Integrating and processing diverse data types in multimodal artificial intelligence is fundamentally challenging. Current approaches mainly use late-fusion methods, combining separate unimodal models—like vision encoders and language models—after independent pre-training. While this is pragmatic, it begs the question of whether it’s the best strategy for genuine multimodal comprehension. Unimodal pre-training biases can hinder a model’s ability to effectively associate information across modalities. Furthermore, scaling these systems adds complexity, with each unit’s unique hyperparameters and pre-training needs making resource allocation across modalities a daunting task, affecting both scalability and performance in complex multimodal tasks.
Existing research into multimodal integration primarily utilizes late-fusion strategies, combining pre-trained vision encoders with language models, setting a standard with established techniques. Early-fusion models, which integrate data types earlier in the process, remain underexplored despite their potential benefits. Fully multimodal models, which are trained from scratch using all data types, present an alternative, yet some rely on image tokenizers to convert visual data into manageable formats. While Mixture of Experts (MoE) has been used to efficiently scale language models, its application in multimodal models is less explored. Despite established scaling laws for unimodal models, few have probed these dynamics in true multimodal systems, especially those using early-fusion with raw data inputs.

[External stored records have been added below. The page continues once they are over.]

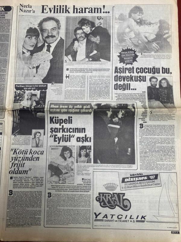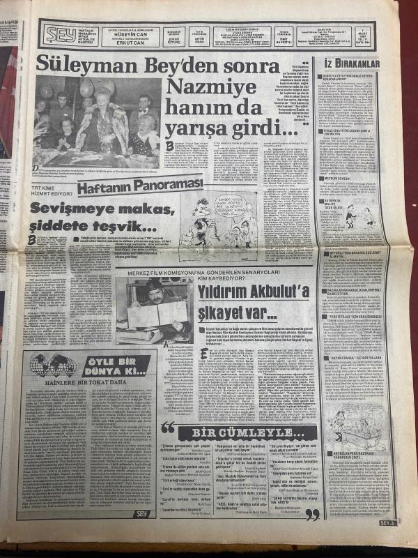 ŞEY HAFTALIK MAGAZİN GAZETESİ DOĞUM GÜNÜ HEDİYESİ ( Turkish Newspaper ) - 7 MART 1987 -TAM TAKIM 12 SAYFADIR -Müjde Ar-Mesut Yılmaz-Alife Jale-Ahu Tuğba-Banu Alkan-Müşerref Akay-Nazlı Sevim-Sevgi Öztürk-Tarık Akan-Şehnaz Dilan-Yunus Bülbül-Kemal Sunal-Şener Şen-Ahmet Özhan-Aydan Şener-Sibel Can-Aysel Mutlu-Ünal Narcin-Ferahnaz-Arzu Arıkan-Semra Özal-Süleyman Demirel-Nazmiye Demirel-Yıldırım Akbulut-Tekin Akmansoy-Cihat Güner-Ceylan-Leyla Önder-Bülent Kayabaş-Atilla Yelken-Alev Sayın-Meral Zeren-Nadia Shouli-Necla Nazır-Ferdi Tayfur-Derya Arbaş-Müjdat Gezen-Perihan Savaş-İlhan İrem-Eylül Mihri Peker-Derya Arbaş-Derya Arbaş-Melih Peker-Emrah-Müjde Ar’dan Mesut Yılmaz’a 56 milyonluk öfke-Aykırı kadın-Alife Jale’yi devlete satarım-Çıplaklar hamama-Banu Alkan’ı çıldırtan gelin-35 dolarla gitti milyoner döndü-Bu kızı deliler gibi seviyorum-Tarık Akan’ın gözyaşartan jesti-Ben hayat kadını değilim-Almanya’da en büyük benim-Canan hanımın kulakları çınlasın-Sibel Can’a nazar değdi-Bir nevi kuma, HÜSEYİN CAN tarafından kaleme alınmıştır. ŞEY HAFTALIK MAGAZİN GAZETESİ DOĞUM GÜNÜ HEDİYESİ ( Turkish Newspaper ) - 7 MART 1987 -TAM TAKIM 12 SAYFADIR -Müjde Ar-Mesut Yılmaz-Alife Jale-Ahu Tuğba-Banu Alkan-Müşerref Akay-Nazlı Sevim-Sevgi Öztürk-Tarık Akan-Şehnaz Dilan-Yunus Bülbül-Kemal Sunal-Şener Şen-Ahmet Özhan-Aydan Şener-Sibel Can-Aysel Mutlu-Ünal Narcin-Ferahnaz-Arzu Arıkan-Semra Özal-Süleyman Demirel-Nazmiye Demirel-Yıldırım Akbulut-Tekin Akmansoy-Cihat Güner-Ceylan-Leyla Önder-Bülent Kayabaş-Atilla Yelken-Alev Sayın-Meral Zeren-Nadia Shouli-Necla Nazır-Ferdi Tayfur-Derya Arbaş-Müjdat Gezen-Perihan Savaş-İlhan İrem-Eylül Mihri Peker-Derya Arbaş-Derya Arbaş-Melih Peker-Emrah-Müjde Ar’dan Mesut Yılmaz’a 56 milyonluk öfke-Aykırı kadın-Alife Jale’yi devlete satarım-Çıplaklar hamama-Banu Alkan’ı çıldırtan gelin-35 dolarla gitti milyoner döndü-Bu kızı deliler gibi seviyorum-Tarık Akan’ın gözyaşartan jesti-Ben hayat kadını değilim-Almanya’da en büyük benim-Canan hanımın kulakları çınlasın-Sibel Can’a nazar değdi-Bir nevi kuma adlı eser Türkçe dilindedir.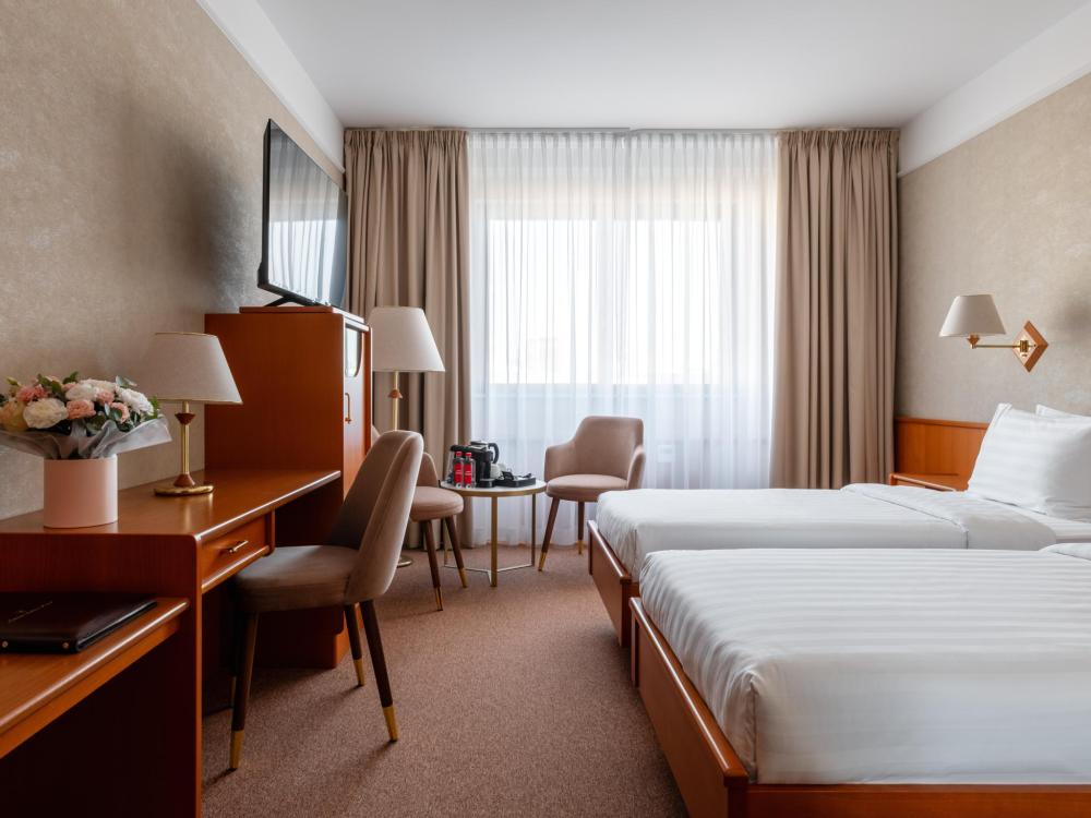 Уютный однокомнатный номер площадью 25 кв. м. с двумя односпальными кроватями. В каждом номере: спутниковое телевидение (20 каналов), мини-бар (за дополнительную плату), рабочий стол, сейф. В прихожей: гардероб, бланк-заказ для прачечной, мешок для сдачи белья в прачечную и химчистку, швейный набор, щетка, губка и рожок для обуви, тапочки. В ванной комнате: ванна, раковина, гигиенический душ, унитаз, зеркало, увеличивающее зеркало для бритья, фен, диспансер с жидким мылом, халат, банное полотенце 2 шт., полотенце для рук 2 шт., полотенце для ног, набор одноразовой продукции (гель для душа, шампунь, лосьон для тела, шапочка для душа, мыло, набор для гигиены полости рта, расческа), питьевая вода. Смена постельного белья ежедневно.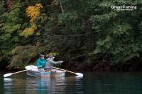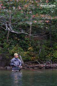 ⑨ 音更湾北側ワンド周辺では、フライ(ストリーマー)で大型ニジマスが好調。岸から約20〜30m沖に(#8マラブー/オリーブ)をキャストしてからのリトリーブで、ニジマス(60cm1匹、50cm2匹、40cm2匹、35cm1匹)、サクラマス(20〜30cm)2匹ヒット(美山さん/札幌市)。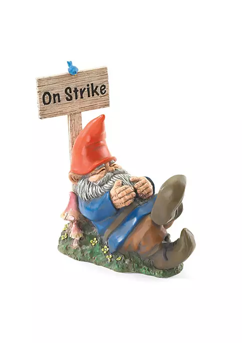 This hardworking gnome is standing up for (or laying down for?) his rights! Cute chubby guy is all tuckered out. This would look adorable in a garden, or even indoors.
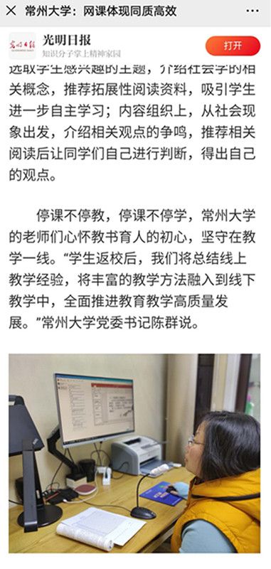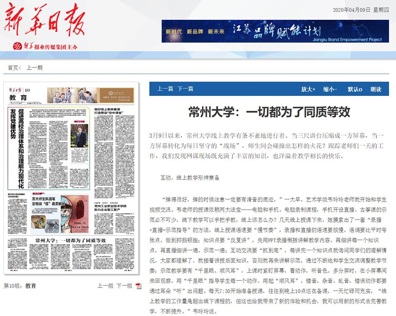 新华日报聚焦报道我校线上教学。其中,两报都以一定篇幅报道了今日看料 汪玲萍老师线上教学现场。

Researchers from Sorbonne University and Apple are examining the scaling characteristics of true multimodal models developed from scratch, challenging existing beliefs about design decisions. By contrasting early-fusion models, which handle raw multimodal inputs directly, with conventional late-fusion methods, they reveal that late fusion holds no intrinsic advantage when both methodologies are developed from scratch. Contrary to popular methods, early-fusion models are more efficient, exhibiting similar scalability to language models with slight variances in scaling factors across different modalities and datasets. Their analysis indicates optimal results occur when model parameters and training tokens are scaled proportionally, a trend evident across various multimodal configurations. The research further investigates MoE architectures, which enhance parameter adaptation across modalities symmetrically, leading to significant performance gains and faster learning compared to standard frameworks. Their scaling analysis suggests emphasizing training tokens over active parameters in sparse models, resulting in effective learning due to the greater parameter count, diverging from behavior seen in dense models.
The architectural study discloses important discoveries about multimodal model scaling and configurations. Native early-fusion and late-fusion designs achieve similar performance when trained from scratch, with early-fusion models having slight benefits at lower compute levels. Scaling analysis confirms that compute-optimized models for both architectures perform comparably as computing resources grow. Notably, native multimodal models (NMMs) exhibit scaling characteristics similar to text-centric models, with scaling exponents slightly varying based on the data type and training mix. Optimal late-fusion models necessitate a higher ratio of parameters to data compared to early-fusion models, signaling different resource distribution strategies. Sparse MoE architectures significantly improve early-fusion NMMs, outperforming dense models at similar inference costs while automatically learning modality-specific preferences. Additionally, in sparse models, scaling increasingly favors training tokens over active parameters as computing capacity rises. Remarkably, modality-agnostic routing within sparse mixtures consistently outperforms modality-aware approaches, challenging assumptions regarding targeted modality specialization.